The mysterious and magnificent cave paintings at Lascaux in the Dordogne region of France have been closed to the public - and even to most scholars - since the 1960s on the orders of the then French Minister for Culture, Andre Malraux. The images of oxen, horses, stags and goats, created 17,000 years ago by Cro-Magnon people, and discovered only in 1940, were being damaged by the breath from more than 1,000 visitors a day. The increase in carbon dioxide was causing the build-up of a white substance which, when removed, brought some of the paint with it. Malraux, a man more interested in culture than in commercial tourism, rightly closed the caves to all but those with the most pressing scholarly need to view them.
Building replica
Seemingly, however, there were those who did not believe they were closed and every day people would turn up at the nearby town of Montignac to see the paintings. The authorities decided to build a replica in a nearby quarry. Thousands of tonnes of concrete, steel girders and chicken-wire were needed to simulate just a fraction of the cave system. Artists were employed to paint the animals and other objects using the same techniques as the prehistoric artists. French television filmed every centimetre of the original so that every bump and depression in the walls and roof of the new cave would be exactly the same as the original.
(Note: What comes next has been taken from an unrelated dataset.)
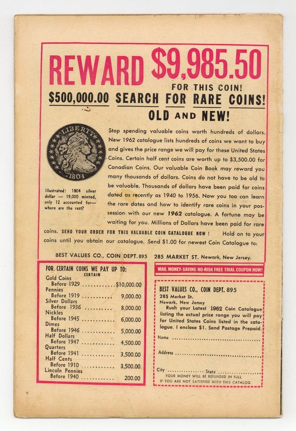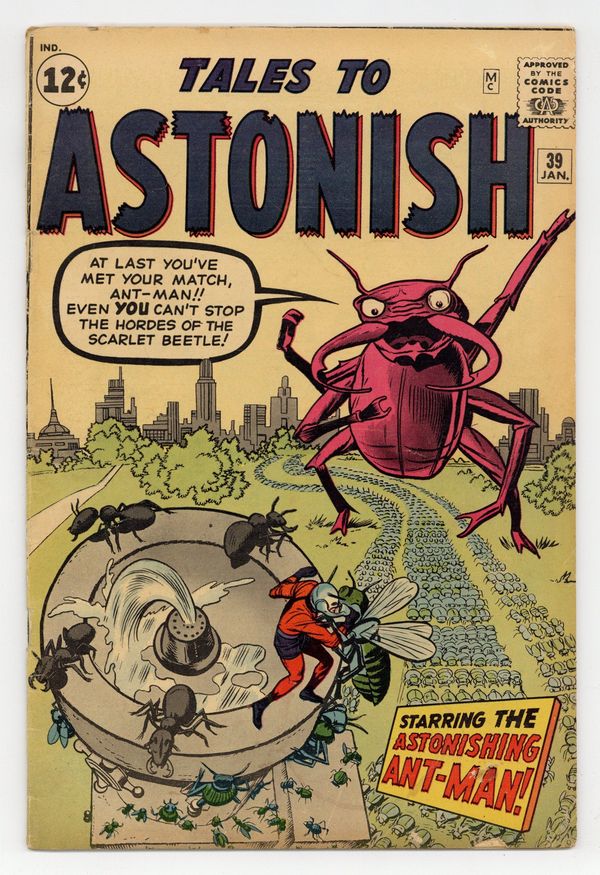 Cover by Jack Kirby and Dick Ayers. The Vengeance of the Scarlet Beetle!, script by Stan Lee and Larry Lieber, art by Jack Kirby and Dick Ayers; Ant-Man fights a beetle made super-intelligent by radiation. The Remedy Oil text story, art by Marie Severin. Ozamm the Terrible!, script by Stan Lee and Larry Lieber, art by Don Heck; A factory worker laid off to be replaced by a machine foils a seemingly invincible alien by cutting off his power source. The Toy Soldiers, script by Stan Lee, art by Steve Ditko; A boy who enjoys toy soldiers buys a new civil war figure to place in his prisoner of war stockade. 36 pgs., full color. $0.12. Cover price $0.12. Grade: GD/VG 3.0 explanation of grade Condition: Used (collectible)

Today, hundreds queue daily during the summer to buy tickets to see the fake. It is as if the Mona Lisa were removed from the Louvre and a forgery put in its place, or the Van Goghs were removed from the walls of his museum in Amsterdam and replaced by copies.
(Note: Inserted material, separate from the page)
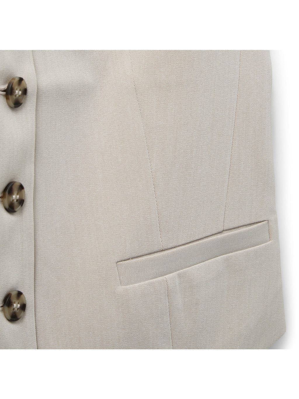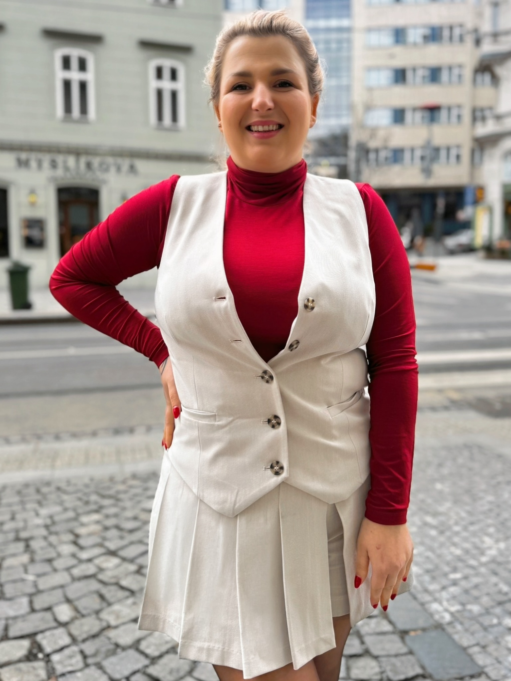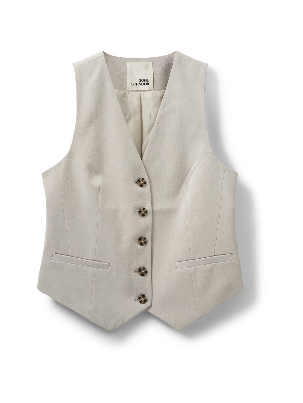 Krémová vesta Cleo od Sofie Schnoor má klasický, elegantní střih, který působí nadčasově a velmi upraveně. Celopropínací provedení s knoflíky podtrhuje čisté linie vesty, zatímco podšívka zajišťuje pohodlí a krásné držení tvaru při nošení. Decentní kapsy doplňují funkční stránku modelu, aniž by narušovaly jeho minimalistický vzhled. Krémový odstín dodává vestě lehkost a jemnost a umožňuje snadné kombinování s košilí, topem i sakem. Elegantní kousek, který přirozeně doladí sofistikovaný outfit.

The fake Lascaux, known as Lascaux II, is incredibly well done. It feels like a real cave and the exuberance of the animals, the colour and the liveliness has been caught. You see how the primitive painters understood perspective, something much later artists had trouble with. The entrance is set among the trees and there is a relative lack of commercial activity - just one little shop selling some postcards, a few books and T-shirts.
What is sometimes disappointing are the guides. They make you feel you are there to admire the paintings as you might a Vermeer or a Picasso. You are meant to marvel as the guide speculates as to how they might have been painted. There is little social or cultural context. Little or nothing about the lives of the people who painted the pictures. We are, however, told a lot about the theories as to why they were painted, which are all based on hunting magic and possible religious significance.
Frieze of horses
Lascaux is the most spectacular of the caves in the area, but far from the only one. At Cap-Blanc, only a few miles from Lascaux, was found a remarkable bas-relief carving of bison and a frieze of horses. Unlike at Lascaux, there is evidence that people lived within the overhang that protects the sculptures. This is not a portrait of individual animals, but of a herd. The artists knew how to compose and how to show movement; and at the bottom is what looks like a carving of a hand, which the guide suggested might have been the artist signing his or her work.
In high summer it can be difficult to get access to some of the caves. Only small groups are brought around at a time and booking must be done well in advance. It was because we could not get into Font de Gaume that we found the delightful small cave of Berifals. It was found in 1902 by the pre-historian Denis Payrony. Access is through a wood, up a rough path, and then through a green metal door. An elderly man with a powerful lamp acts as guide. You have to look hard; then, gradually you see small paintings, with incredible detail, some hidden away up narrow passages. Sometimes you wonder if some sort of auto-suggestion is at work as the guide points out a leg, a back and then a head of an animal. You wonder what he is talking about, then the lamp moves and the shadows change and there it is - a wonderful, detailed horse, or bison, with finely delineated eyes and mouth, just looking at you. Often the artists have used the natural shapes of the rock as part of an animal. There is a lot of tourist guff surrounding the cave paintings, though not at the caves themselves. Some guidebooks talk of prehistoric man choosing to live in the Dordogne because of its beauty and climate, as if he arrived seeking truffles and foie gras. The Dordogne, 17,000 to 20,000 years ago, was like Scandinavia.
Cro-Magnon man
Cro-Magnon man is so often represented as being bent over, with a low forehead and protruding jaw. He was not. He was upright and looked like modern man. In the otherwise highly touristic town of Les Eyzies is the wonderful National Prehistoric Museum. Here is the context that it so badly missing from the caves themselves. Here are the material remains, the evidence of industry, economy and culture. When you see this you start asking questions, rather than just being surprised at how clever early man could be. It is then you start to wonder why people feel the need to produce art, about how we define primitivism.
Maybe the cave paintings had nothing to do with magic or religion. Maybe our ancestors just liked painting. Maybe they simply enjoyed representing their world and looking at what they had made.